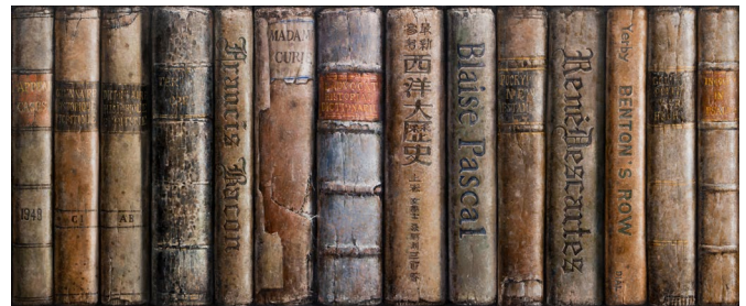
Hardbacks I (Triptych) 2015 | Oil on Canvas | each panel 91 x 73 cm (36 x 29 in)

The artist's subjects are objects of personal significance, part of his life's collection. They have, by virtue of his obsessive and highly skilled attention, become containers for expansive ideas about the importance of memory and the value of history in its many interpretations. These pieces suggest we look over our shoulders before moving on.
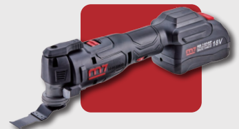
Cordless Oscillating Multi-Tool DOM-101
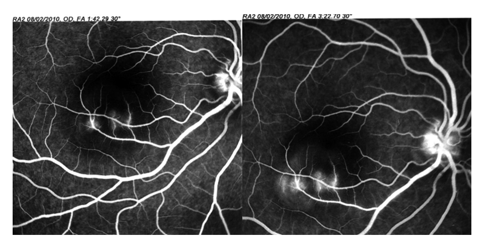
Figure 1. Fluorescein angiography findings of our patient: Multiple leakage points of the dye were observed during the late phase.

patient was a non-pregnant female without any professional or emotional stress and she could not be considered as type-A personality.
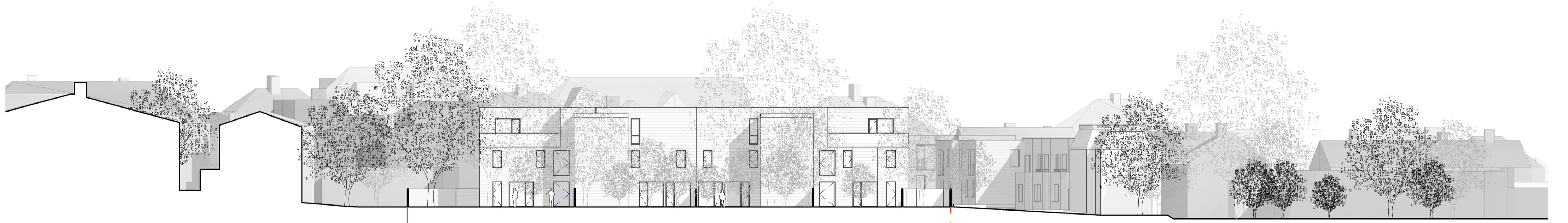
2 South-West Elevation Building A 200@A1 1 : 200

NOTES CONSULTANTS - Refer to highways consultant's drawings for details - Refer to landscape consultant's drawings for details - Landscaping layout is indicative only AREAS - Refer to area schedule © Copyright Reserved. ColladoCollins Partners LLP
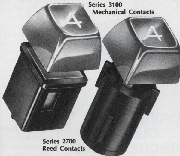
Series 2700 Reed Contacts

Announcing two new switches from Maxi-Switch. Use them individually to build calculator blocks or alpha-numeric keyboards, or order completed units from Maxi, with or without encoding. Both switches accept standard Maxi double-shot molded buttons.
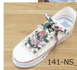
Assembly type (Right side only)
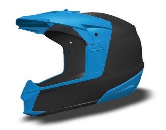
Render of CAD's helmet redesign highlighting a new camera mount, back piece and mouthpiece in blue.
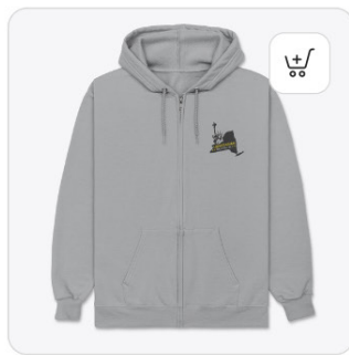
LPNY New Logo Store
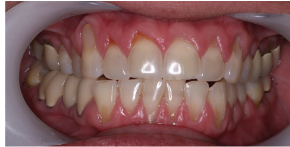
(1) Sharon: Before PST, on full upper arch (December 2009, removed 7mm restoration on tooth #6).

## REQUIRED ACTION
Without the pictures, restate all of the entries word for word.

## SOLUTION TO THIS TASK
Hardbacks I (Triptych) 2015 | Oil on Canvas | each panel 91 x 73 cm (36 x 29 in)

The artist's subjects are objects of personal significance, part of his life's collection. They have, by virtue of his obsessive and highly skilled attention, become containers for expansive ideas about the importance of memory and the value of history in its many interpretations. These pieces suggest we look over our shoulders before moving on.
Cordless Oscillating Multi-Tool DOM-101
Figure 1. Fluorescein angiography findings of our patient: Multiple leakage points of the dye were observed during the late phase.

patient was a non-pregnant female without any professional or emotional stress and she could not be considered as type-A personality.
2 South-West Elevation Building A 200@A1 1 : 200

NOTES CONSULTANTS - Refer to highways consultant's drawings for details - Refer to landscape consultant's drawings for details - Landscaping layout is indicative only AREAS - Refer to area schedule © Copyright Reserved. ColladoCollins Partners LLP
Series 2700 Reed Contacts

Announcing two new switches from Maxi-Switch. Use them individually to build calculator blocks or alpha-numeric keyboards, or order completed units from Maxi, with or without encoding. Both switches accept standard Maxi double-shot molded buttons.
Assembly type (Right side only)
Render of CAD's helmet redesign highlighting a new camera mount, back piece and mouthpiece in blue.
LPNY New Logo Store
(1) Sharon: Before PST, on full upper arch (December 2009, removed 7mm restoration on tooth #6).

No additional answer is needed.